======== DATA SHOWN

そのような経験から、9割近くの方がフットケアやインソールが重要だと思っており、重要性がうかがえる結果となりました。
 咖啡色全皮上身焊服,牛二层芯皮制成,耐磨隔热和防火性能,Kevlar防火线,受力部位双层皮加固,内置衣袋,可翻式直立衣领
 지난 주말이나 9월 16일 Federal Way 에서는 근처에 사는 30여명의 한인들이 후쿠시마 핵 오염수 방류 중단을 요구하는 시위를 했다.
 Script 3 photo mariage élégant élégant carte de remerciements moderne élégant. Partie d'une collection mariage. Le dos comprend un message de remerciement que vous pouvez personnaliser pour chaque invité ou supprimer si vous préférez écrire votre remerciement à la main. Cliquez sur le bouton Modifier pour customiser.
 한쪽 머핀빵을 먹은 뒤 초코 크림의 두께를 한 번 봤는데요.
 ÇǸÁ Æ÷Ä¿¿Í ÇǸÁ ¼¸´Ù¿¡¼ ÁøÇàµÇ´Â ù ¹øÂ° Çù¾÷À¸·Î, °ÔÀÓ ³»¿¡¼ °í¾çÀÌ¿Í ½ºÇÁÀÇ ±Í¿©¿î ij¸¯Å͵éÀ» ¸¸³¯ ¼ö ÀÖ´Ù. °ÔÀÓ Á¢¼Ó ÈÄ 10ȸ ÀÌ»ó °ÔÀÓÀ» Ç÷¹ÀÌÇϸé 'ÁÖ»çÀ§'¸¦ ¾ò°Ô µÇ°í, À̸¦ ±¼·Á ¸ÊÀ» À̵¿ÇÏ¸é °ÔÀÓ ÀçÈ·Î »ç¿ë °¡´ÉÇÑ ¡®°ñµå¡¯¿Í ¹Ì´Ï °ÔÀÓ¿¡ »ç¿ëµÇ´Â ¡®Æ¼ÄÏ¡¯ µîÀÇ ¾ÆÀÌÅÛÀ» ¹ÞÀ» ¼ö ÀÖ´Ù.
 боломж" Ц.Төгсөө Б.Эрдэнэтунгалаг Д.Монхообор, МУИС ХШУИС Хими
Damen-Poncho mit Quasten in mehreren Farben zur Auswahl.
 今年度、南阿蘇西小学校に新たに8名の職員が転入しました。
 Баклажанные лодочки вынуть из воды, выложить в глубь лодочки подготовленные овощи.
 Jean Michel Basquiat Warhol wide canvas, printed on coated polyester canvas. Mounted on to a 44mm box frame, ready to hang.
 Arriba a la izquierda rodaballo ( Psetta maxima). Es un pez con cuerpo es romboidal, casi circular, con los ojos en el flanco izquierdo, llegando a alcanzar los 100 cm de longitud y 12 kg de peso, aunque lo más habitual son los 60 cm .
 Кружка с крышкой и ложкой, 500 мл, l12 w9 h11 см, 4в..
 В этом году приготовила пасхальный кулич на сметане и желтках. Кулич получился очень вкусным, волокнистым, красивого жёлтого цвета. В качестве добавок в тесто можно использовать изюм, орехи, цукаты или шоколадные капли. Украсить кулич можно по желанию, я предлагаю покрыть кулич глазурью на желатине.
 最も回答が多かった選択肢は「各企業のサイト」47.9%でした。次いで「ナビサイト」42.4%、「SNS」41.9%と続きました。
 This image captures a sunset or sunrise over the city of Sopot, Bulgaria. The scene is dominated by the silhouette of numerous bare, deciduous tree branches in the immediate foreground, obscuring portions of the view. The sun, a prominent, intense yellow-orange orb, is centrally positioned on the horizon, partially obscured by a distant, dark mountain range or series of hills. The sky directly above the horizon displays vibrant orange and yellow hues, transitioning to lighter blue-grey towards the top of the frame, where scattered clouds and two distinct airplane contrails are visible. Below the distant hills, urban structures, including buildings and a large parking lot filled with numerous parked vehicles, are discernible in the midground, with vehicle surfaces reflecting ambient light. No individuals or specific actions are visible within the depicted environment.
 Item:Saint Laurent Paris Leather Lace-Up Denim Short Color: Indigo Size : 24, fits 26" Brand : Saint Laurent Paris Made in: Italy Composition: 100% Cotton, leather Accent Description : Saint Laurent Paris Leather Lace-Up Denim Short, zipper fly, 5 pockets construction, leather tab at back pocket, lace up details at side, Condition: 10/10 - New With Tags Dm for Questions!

================

INSTRUCTIONS FOR THE TASK >> Please print the lines from the start of the records up to and including the line with "Кружка с крышкой", copying each one exactly and leaving out the rest.

WRITTEN REPLY >>
そのような経験から、9割近くの方がフットケアやインソールが重要だと思っており、重要性がうかがえる結果となりました。
 咖啡色全皮上身焊服,牛二层芯皮制成,耐磨隔热和防火性能,Kevlar防火线,受力部位双层皮加固,内置衣袋,可翻式直立衣领
 지난 주말이나 9월 16일 Federal Way 에서는 근처에 사는 30여명의 한인들이 후쿠시마 핵 오염수 방류 중단을 요구하는 시위를 했다.
 Script 3 photo mariage élégant élégant carte de remerciements moderne élégant. Partie d'une collection mariage. Le dos comprend un message de remerciement que vous pouvez personnaliser pour chaque invité ou supprimer si vous préférez écrire votre remerciement à la main. Cliquez sur le bouton Modifier pour customiser.
 한쪽 머핀빵을 먹은 뒤 초코 크림의 두께를 한 번 봤는데요.
 ÇǸÁ Æ÷Ä¿¿Í ÇǸÁ ¼¸´Ù¿¡¼ ÁøÇàµÇ´Â ù ¹øÂ° Çù¾÷À¸·Î, °ÔÀÓ ³»¿¡¼ °í¾çÀÌ¿Í ½ºÇÁÀÇ ±Í¿©¿î ij¸¯Å͵éÀ» ¸¸³¯ ¼ö ÀÖ´Ù. °ÔÀÓ Á¢¼Ó ÈÄ 10ȸ ÀÌ»ó °ÔÀÓÀ» Ç÷¹ÀÌÇϸé 'ÁÖ»çÀ§'¸¦ ¾ò°Ô µÇ°í, À̸¦ ±¼·Á ¸ÊÀ» À̵¿ÇÏ¸é °ÔÀÓ ÀçÈ·Î »ç¿ë °¡´ÉÇÑ ¡®°ñµå¡¯¿Í ¹Ì´Ï °ÔÀÓ¿¡ »ç¿ëµÇ´Â ¡®Æ¼ÄÏ¡¯ µîÀÇ ¾ÆÀÌÅÛÀ» ¹ÞÀ» ¼ö ÀÖ´Ù.
 боломж" Ц.Төгсөө Б.Эрдэнэтунгалаг Д.Монхообор, МУИС ХШУИС Хими
Damen-Poncho mit Quasten in mehreren Farben zur Auswahl.
 今年度、南阿蘇西小学校に新たに8名の職員が転入しました。
 Баклажанные лодочки вынуть из воды, выложить в глубь лодочки подготовленные овощи.
 Jean Michel Basquiat Warhol wide canvas, printed on coated polyester canvas. Mounted on to a 44mm box frame, ready to hang.
 Arriba a la izquierda rodaballo ( Psetta maxima). Es un pez con cuerpo es romboidal, casi circular, con los ojos en el flanco izquierdo, llegando a alcanzar los 100 cm de longitud y 12 kg de peso, aunque lo más habitual son los 60 cm .
 Кружка с крышкой и ложкой, 500 мл, l12 w9 h11 см, 4в..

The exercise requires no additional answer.